A ideia de um hambúrguer gourmet surgiu em Nova Iorque, quando o chef francês Daniel Boulud acrescentou novos ingredientes às receitas originais, como trufas, justificando que o seu hambúrguer custasse seis vezes mais do que um menu McDonalds (veja o vídeo completo mais abaixo). Estávamos em 2001. A ideia pegou e desde então a criação de hambúrgueres caros tornou-se uma moda que se espalhou pelos restaurantes de todo o mundo.

Nos Burger Bar de São Francisco, Las Vegas e São Luís, o chef Hubert Kelle, do restaurante de luxo The Rossini, cobra um mínimo de 60 dólares pelos seus hambúrgueres. No 777 Burger, de Las Vegas, o hambúrguer pode custar 70 dólares… ou 10 vezes mais, se seguir a sugestão do chef e o acompanhar com uma garrafa de champanhe rosé Dom Pérignon.

E até as grandes cadeias americanas de fast food aderiram à tendência. No Burger King de West London, foi criado, em 2008, um hambúrguer especial e exclusivo, batizado simplesmente como The Burger, que, à época, foi considerado o mais caro hambúrguer do mundo. Por 300 libras, o cliente tinha direito a um hamburguer de bife Wagyu, com cogumelos, presunto espanhol Pata Negra e tempura, preparado em champanhe Crystal, em pão de trufas e açafrão iraniano.

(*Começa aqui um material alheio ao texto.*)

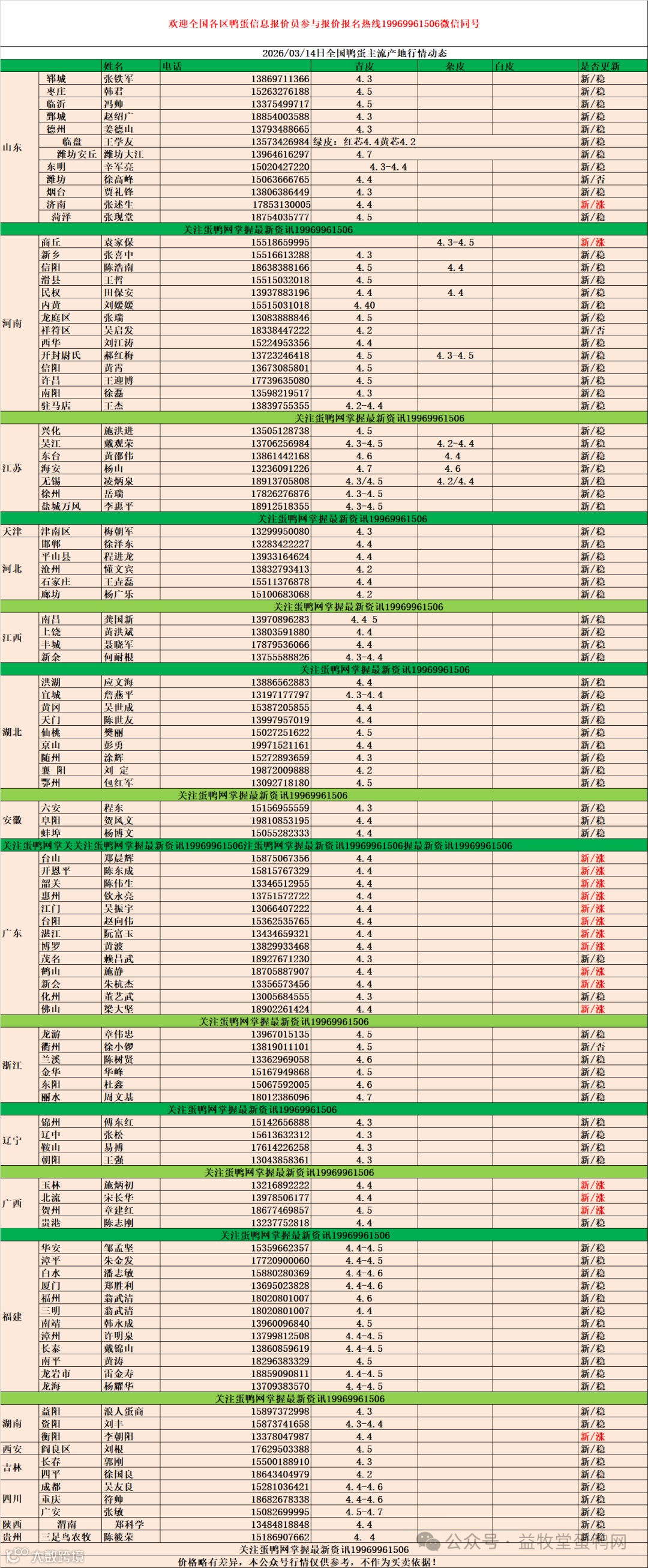 (由于地区、品质、市场需求差异,本报价仅供参考,实际成交请以当地实际价格为准)。

A moda alastrou dos hambúrgueres a outros tipos de sanduíches, às pizzas e às conservas, dos EUA à Europa, e hoje é apenas limitada pela criatividade dos chefs. Hambúrgueres de soja, de bacalhau, de salmão ou de alheira, hotdogs de marisco, pizzas com massa de espinafres, de tomate ou de cereais, wraps de bacalhau ou borrego, tibornas e bruschettas de conservas, empadas de bacalhau à Brás ou cozido à portuguesa são apenas alguns exemplos. Afinal, como anuncia o restaurante Can the Can, “A comida enlatada tornou-se gourmet.” Que é como quem diz, roubando o refrão à cadeia H3, chegou a hora de nova hamburgologia, que é (not so) fast food e gourmet.